Exercise:
Repeat the data exactly as given below, dropping every picture.

+++ Dataset records

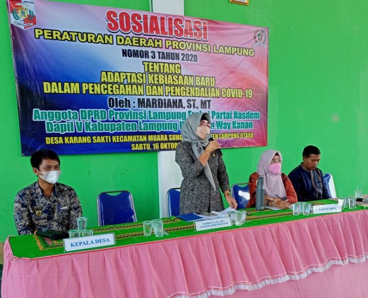 Dalam kunjungan itu, Mardiana, ST., MT., juga melangsungkan agenda Sosialisasi Peraturan Daerah (Perda) Provinsi Lampung nomor 3 tahun 2020, tentang Adaptasi Kebiasaan Baru dalam Pencegahan dan Pengendalian Covid-19 dengan dibantu disampaikan oleh narasumber Micke Irmawati, SE.
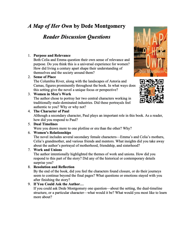 With that background, I encourage you to invite me to a book group to discuss any of my books, including A Map of Her Own. I’m now setting up dates for 2026. I have joined book groups for each of my books over the last few years. While I prefer in person, distance makes that impossible for those from afar, and virtual works too. I have generated book discussion questions for several books and share them below. Oh, and in case I’ve fooled you into thinking I’m more popular or famous than I really am, of course there is no charge. (For local folks, I have a special deal for A Map of Her Own: signed copies at $3 off the $16.95 retail if you buy at least three and pick them up or we come up with a designated meeting spot.)
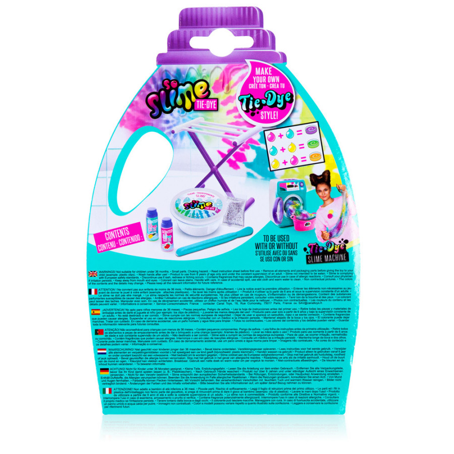 Toto je úplně nová řada slizů So Slime. Zapojte svoji fantazii a vytvořte si úžasně slizkou prádelnu. Zamíchejte do bezbarvého slizu jednu nebo dvě barvy. Můžete použít i třpytky a vytvořte jedinečný duhový sliz, který třeba můžete pověsit na sušák nebo si s ním prostě jenom tak hrát.
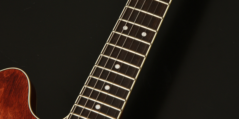 番手の違うサンドペーパーやスチールウールなどを使い分け、各フレットのエッジ部分に丁寧に丸みを付けることにより、左手の移動が滑らかになりました。ハイフレットまで滑るように移動が可能です。
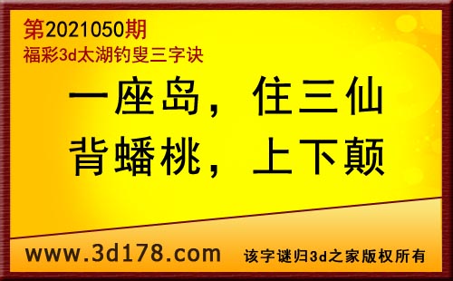 3d第21050期太湖字谜:一座岛,住三仙,背蟠桃,上下颠
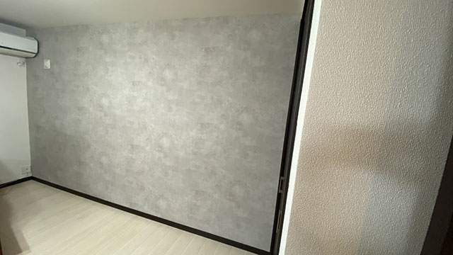 最近はブルー・グレー色のような北欧テイストの壁紙も人気がありますが、木製家具にコンクリート調やストーン調の壁紙を合わせることでナチュラルな印象を見せることが出来ます。
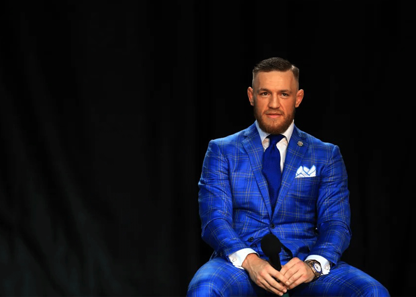 McGregor favours the traditional three-piece suit, not that we’d argue with him on that. This grey three piece features a subtle Prince of Wales check, vastly improved by the addition of a purple tie and pocket hankie.

++++++

Reply:
 Dalam kunjungan itu, Mardiana, ST., MT., juga melangsungkan agenda Sosialisasi Peraturan Daerah (Perda) Provinsi Lampung nomor 3 tahun 2020, tentang Adaptasi Kebiasaan Baru dalam Pencegahan dan Pengendalian Covid-19 dengan dibantu disampaikan oleh narasumber Micke Irmawati, SE.
 With that background, I encourage you to invite me to a book group to discuss any of my books, including A Map of Her Own. I’m now setting up dates for 2026. I have joined book groups for each of my books over the last few years. While I prefer in person, distance makes that impossible for those from afar, and virtual works too. I have generated book discussion questions for several books and share them below. Oh, and in case I’ve fooled you into thinking I’m more popular or famous than I really am, of course there is no charge. (For local folks, I have a special deal for A Map of Her Own: signed copies at $3 off the $16.95 retail if you buy at least three and pick them up or we come up with a designated meeting spot.)
 Toto je úplně nová řada slizů So Slime. Zapojte svoji fantazii a vytvořte si úžasně slizkou prádelnu. Zamíchejte do bezbarvého slizu jednu nebo dvě barvy. Můžete použít i třpytky a vytvořte jedinečný duhový sliz, který třeba můžete pověsit na sušák nebo si s ním prostě jenom tak hrát.
 番手の違うサンドペーパーやスチールウールなどを使い分け、各フレットのエッジ部分に丁寧に丸みを付けることにより、左手の移動が滑らかになりました。ハイフレットまで滑るように移動が可能です。
 3d第21050期太湖字谜:一座岛,住三仙,背蟠桃,上下颠
 最近はブルー・グレー色のような北欧テイストの壁紙も人気がありますが、木製家具にコンクリート調やストーン調の壁紙を合わせることでナチュラルな印象を見せることが出来ます。
 McGregor favours the traditional three-piece suit, not that we’d argue with him on that. This grey three piece features a subtle Prince of Wales check, vastly improved by the addition of a purple tie and pocket hankie.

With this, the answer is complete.